Ask yourselves, what problem have you solved, ever, that was worth solving, where you knew knew all of the given information in advance? Where you didn’t have a surplus of information and have to filter it out, or you didn’t have insufficient information and have to go find some?

Many of the data analyses I have done in classes/assigned in class have focused on a problem with exactly the right information with relatively little extraneous data or missing information. But I have been slowly evolving these problems; as an example here is a data analysis project that we developed last year for the qualifying exam at JHU. This project is what I consider a first step toward a “less helpful” project model. 

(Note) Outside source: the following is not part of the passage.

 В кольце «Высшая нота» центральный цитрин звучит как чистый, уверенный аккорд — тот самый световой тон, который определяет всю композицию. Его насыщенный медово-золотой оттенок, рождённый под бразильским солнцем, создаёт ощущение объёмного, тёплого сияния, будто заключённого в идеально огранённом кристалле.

The project was inspired by this blog post at marginal revolution which Rafa suggested. As with the homework problem Dan dissects in his talk, there are layers to this problem:

  1. Understanding the question
  2. Downloading and filtering the data
  3. Exploratory analysis
  4. Fitting models/interpreting results
  5. Synthesis and writing the results up
  6. Reproducibility of the R code

For this analysis, I was pretty specific with 1. Understanding the question:

(1) The association between enrollment and the percent of students scoring “Advanced” on the MSA in Reading and Math in the 5th grade.

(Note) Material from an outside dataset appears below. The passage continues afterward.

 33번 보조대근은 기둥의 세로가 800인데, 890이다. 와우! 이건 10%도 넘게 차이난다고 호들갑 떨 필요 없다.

(2) The change in the number of students scoring “Advanced” in Reading and Math from one year to the next (at minimum consider the change from 2009-2010) versus enrollment.

(3) Potential reasons for results like those in Table 1.  

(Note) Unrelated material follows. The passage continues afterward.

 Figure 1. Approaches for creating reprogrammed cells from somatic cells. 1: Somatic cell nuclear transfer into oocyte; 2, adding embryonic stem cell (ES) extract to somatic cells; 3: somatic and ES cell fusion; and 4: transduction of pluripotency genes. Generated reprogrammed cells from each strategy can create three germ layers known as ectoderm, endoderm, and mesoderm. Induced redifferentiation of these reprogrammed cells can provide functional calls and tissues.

Although I didn’t mention the key idea from the Marginal Revolution post. I think for a qualifying exam, this level of specificity is necessary, but for an in-class project I think I would have removed this information so students had to “discover the question” themselves. 

I was also pretty specific with the data source suggesting the Maryland Education department’s website. However, several students went above and beyond and found other data sources, or downloaded more data than I suggested. In the future, I think I will leave this off too. My google/data finding skills don’t hold a candle to those of my students. 

Steps 3-5 were summed up with the statement: 

Your project is to analyze data from the MSA and write a short letter either in favor of or against spending money to decrease school sizes.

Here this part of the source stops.